Yates’s article is informative. The role played by Yates is that of a news reporter. His article begins with a typical, dull, straightforward statement one would find in a newspaper: Two new processors form Intel Corp. boost performance on PCs from IBM and Compaq Computer Corp. to new heights (35). The article provides a lot of sometimes-irrelevant information and doesn’t portray any feelings. Thus, Yates, like Spector, doesn’t use pathos in his article. He doesn’t develop a close relationship with the reader because he doesn’t provide any advice on the chips. A feeling of separation occurs in the reader’s mind because he or she feels that Yates is just throwing out facts without showing any concern for his audience. This has a dramatic impact because the reader is always alienated from the subject and never gains full interest. This is also due to the complex language Yates uses.

Yates assumes that the reader is familiar with basic computer terminology like L2-equipped, expansion, and non-cache chip (40). Unlike Spector, he takes time to define some of these words. Unfortunately, the strategy works against him because Yates wastes too much time on explaining, which distracts the reader. Like Spector, Yates also uses short sentences to keep the article flowing at a fast pace. However, the vocabulary level is much more complex. Many words like miniscule, disparity, and nomenclature which may not be part of the reader’s vocabulary are present (35). Yates provides plenty of context clues for experienced readers to decipher the meaning of the word. For example, by looking at the miniscule savings just aren’t worth the performance hit, the reader should be able to figure out the meaning of miniscule. Yates also uses many abbreviations like Corp., PCI, and ISA to save paper space. He assumes that the reader is familiar with them. Finally, he repeats the words Celeron and PII throughout the article to help differentiate between the chip that is being discussed. Overall, Yates doesn’t do a good job in presenting his argument.

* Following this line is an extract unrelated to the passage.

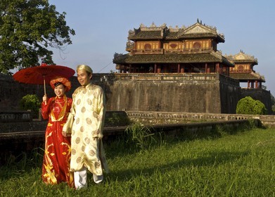 • Hue, the citadel, couple in traditional costume

Between the two articles, Lincoln Spector’s Double Feature was more effective. The use of various sources of evidence, a neutral tone, logical organization, and simple language helps the reader easily understand Spector’s topic. Although Yates’s article shares some of these characteristics, Spector does a better job than Yates in analyzing and giving advice on the two chips. After reading the articles, I am convinced of Spector’s credibility. Upon seeing the way Yates writes, I think that he has little knowledgeable on the subject. Thus, inexperienced computer buyers interested in gaining insight on the Celeron and the PII should read Double Feature. Reading this article will help prepare them better to face the challenge of buying the right computer.